Monday 14th November: Admin and data analyses most of the day, with an interlude from a Belgian visitor with whom we’ve been discussing trout trap design. He’s set up a trap on a small burn in the Ardennes to check what fish are spawning there and is waiting for the first run of the season. Interesting to hear from him that there has been considerable progress in getting fish passes put in on locks and weirs on the Meuse and Salmon restoration is on the cards. Whatever the problems of Salmon at sea, the positive side of things is that there are far more Salmon rivers now than there have been for at least a century: even the R. Mersey in England is recolonising. Kenny then took him out to see the trap on the Ale Water system that is being run with the Hawick Angling Club.

Tuesday 15th November: Spent the morning analysing electric-fishing data from the Ettrick and Yarrow checking for any  signs of reduced juvenile abundances in its upper zones. In the afternoon did a job review with James checking on how he feels his work is going.

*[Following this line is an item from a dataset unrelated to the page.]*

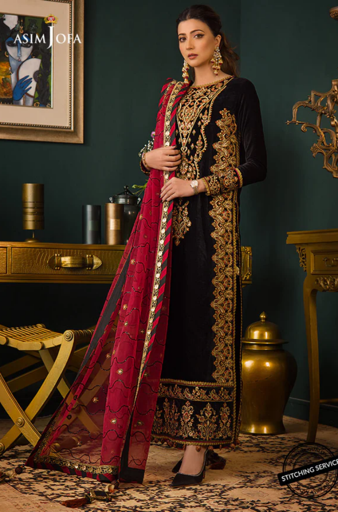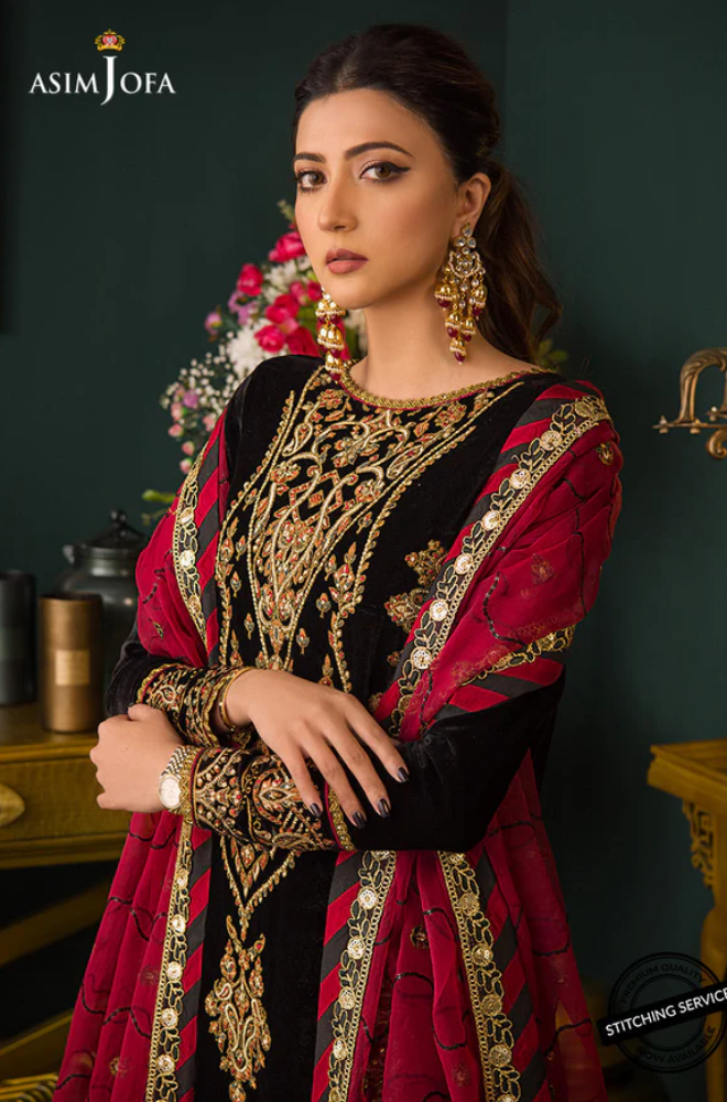 Asim Jofa -Winter 3PC Velvet Embroidered Suit - BFB0554

Wednesday 16th November: Down river with Niall in the morning to download the Automatic Listening Stations & pick up the scale packets and genetic samples taken by the netsman at Berwick.  The ALS show that while the Sea-trout shot up river after tagging in September, the salmon (as last year) move much less quickly and many are still well down the river. In the afternoon did Kenny’s job review with him and then checked through the instructions and preservatives that I had asked for from the Institute of Aquaculture at Stirling University so that we can take tissue samples for disease examination. We’ve done this before without anything in particular being found, but with the number of moribund and diseased fish in the river this Autumn another check will be of interest.

Thursday 17th November: Did some early morning phoning around the nearest boatmen to arrange for them to contact me tomorrow about moribund fish that I could take pathology samples from. Weekly staff meeting today, instead of the usual Friday, then a meeting with the FASMOP team to hear the latest on the genetics work and what sort of findings will be in the report to us: clear, they say, that we have genetically distinctive Salmon populations within the catchment though precisely how many will take further work to find out. After lunch, out to count the Goosanders on the Caddon Reservoir, then e-mails and admin. A good  update in from Napier University about using pigments to distinguish between fry originating from Brown-trout and Sea-trout eggs, so it looks as if that is very much a “goer” & I will now have to draft a formal proposal for further work.

Friday 18th November: Collected tissue samples from moribund diseased fish at Ravenswood and Gledswood in the morning – visually, there’s nothing wrong inside with these fish, even the livers look normal. While the UDN of the 1960s is well known, there was also a disease outbreak in the 1880s, when it was simply called “the Salmon disease” and even though Bacteriology was a new science in those days, with limited techniques, they could see that the white, Saprolegia, fungus was only a secondary infection and not an actual, primary, disease – a finding that still hasn’t reached many anglers more than 100 years later! Offce work and admin for the rest of the day, including Barry’s job review, then out to the Hawick Angling Club centenary dinner in the evening.